# Lee Reloading Presses



## mayor (Dec 30, 2006)

Hey just looking for a few opinions. Looking at buying a new reloading press. Looking at a Lee Challenger press(aluminum "0" frame), or The Classic Challenger Press (cast iron "0" frame). I actaully recieved the aluminum one as a gift but I was wondering if it was worth trading up to the cast iron version. I load .357, .223, .25-06 and 30-30. I load approx 1000rds a year. Will the aluminum one hold up? Let me know your experiences.
PS- My original press is a Herters bought in the early 70's I believe.
:sniper:


----------



## rasmusse (Oct 24, 2006)

I have used the Challenger press (aluminum) for over 10 years and have reloaded .38 Special, .357, .44 Mag, .30/30, .243, 6.5x55 SE, .280, 7.5x55 Swiss, .45 Colt, .30'06 and .338 WM without any problems at all. Good press, just make sure that the handle is properly mounted and tight.


----------



## kdmcustom (Dec 16, 2007)

The Lee Challenger press is a quality press. I've used one for 10 years and reloading thousands of rounds on it. I used it to reload the 50 Alaskan, 416 Rigby, 458 Win Mag, 500 S&W Mag, 375 H&H and 338-06. I highly recommend it.
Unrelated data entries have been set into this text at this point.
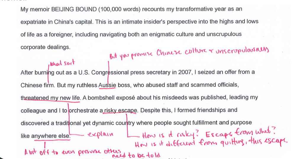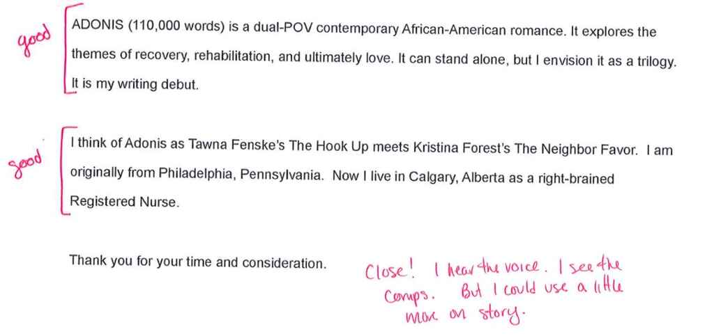 So if you're going to come up with your hook, go and support that hook and stick to what is supporting that hook. Whet my appetite and make me want to find out more and ask for the manuscript. I'm just not getting that.
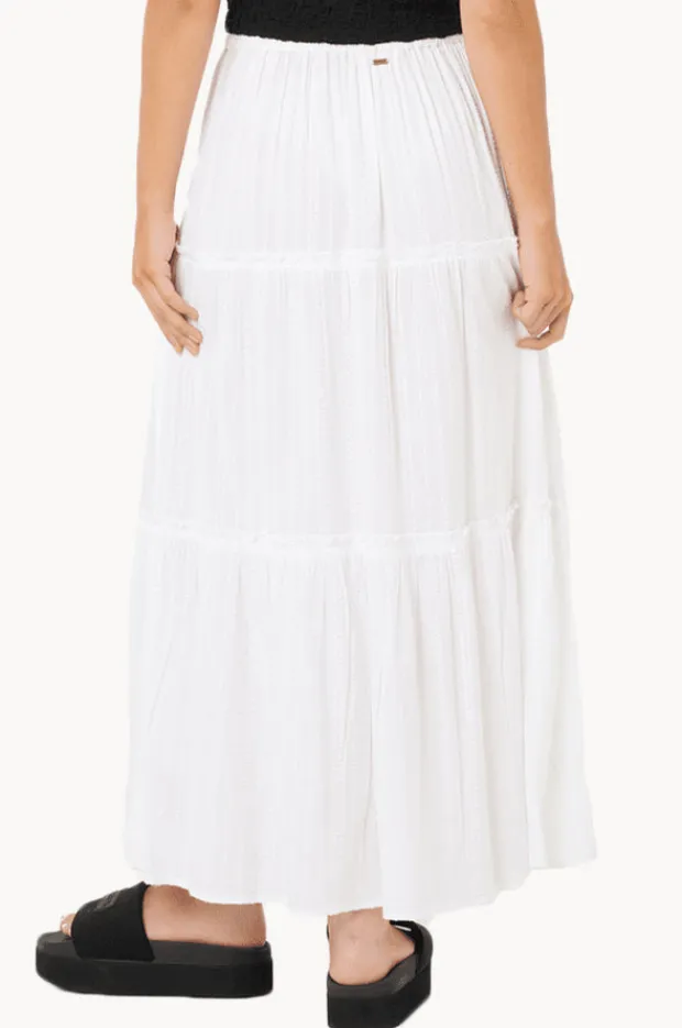 Rip Curl Haze Tiered Maxi Skirt in White features an elasticated waistband, drawcord, maxi length, tiered design, relaxed fit, and is available in sizes XS-XL.
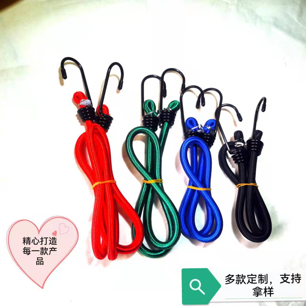 该产品行李绳带2个黑色钢钩,长度以规格框里显示的为准。绳子长度也可以按需定制,规格框里显示的规格各代表的意义如下:比如6mm*20cm的6mm是代表绳子的粗度,20cm是代表了这款行李绳的总长度,其中一个钩子有效长度是5CM,那绳子的有效长度就是10CM,所以还请亲人们考虑好自己所需要的产品规格尺寸是多少, 该产品的材质是采用泰国乳胶丝用pe单丝包裹精编而成再配上弹簧钢钩,从而使该产品有弹性好,重量轻,耐磨,承受力强等优点,而且防水性也好,特别是耐磨x 该产品的用途广泛,可以用在快递车,摩托车,自行车,购物车,其他货物捆绑物上面 我们是生产厂家,只要您有需求,我们可以为您制作不同款式形状的捆绑绳
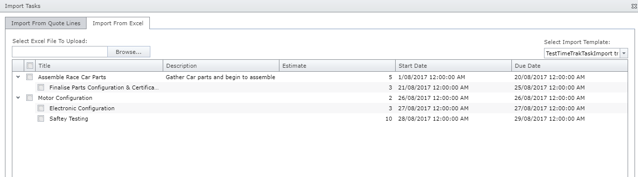 Back in the Import Task screen instead of Importing from quote lines users can import from Excel by clicking the “Import From Excel” tab as per below:
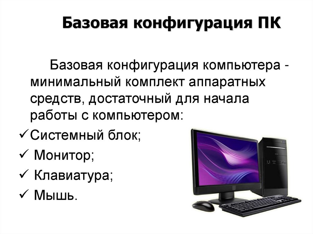 Базовая конфигурация ПКБазовая конфигурация компьютера минимальный комплект аппаратных
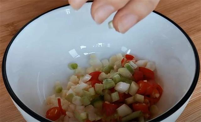 4.準備四瓣大蒜切成蒜末,準備四根小米辣將它切成小圈,準備適量蔥白切成末。
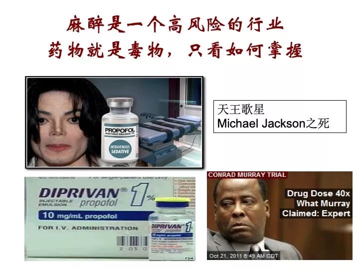 没有麻醉医生的麻醉是非常危险的,我们都知道这位是Michael Jackson,这位是他的家庭医生,Michael很有钱,雇的家庭医生是一位心血管大夫。俄罗斯总统普京雇的贴身医生则是一位麻醉大夫。所以可以想象,Michael用propofol的时候,如果他雇佣的医生是我们在座的麻醉大夫的话,可能时至今日他依然活跃在摇滚乐的舞台上。

It's very strong and light weight.


----------



## deerblazer93 (Dec 20, 2007)

my grandfather owned a gun shop for 50 years and he only used lee presses and he reloaded well over 1000 rounds a year. now my uncle has my grandfathers press and reloads 45/70 , 30/30 , 30-06 and a bunch of other bullets and the only thing that has gone wrong is the dyes got rusty from not using it for a year or so before my uncle got his hands on it. hope it helps.


----------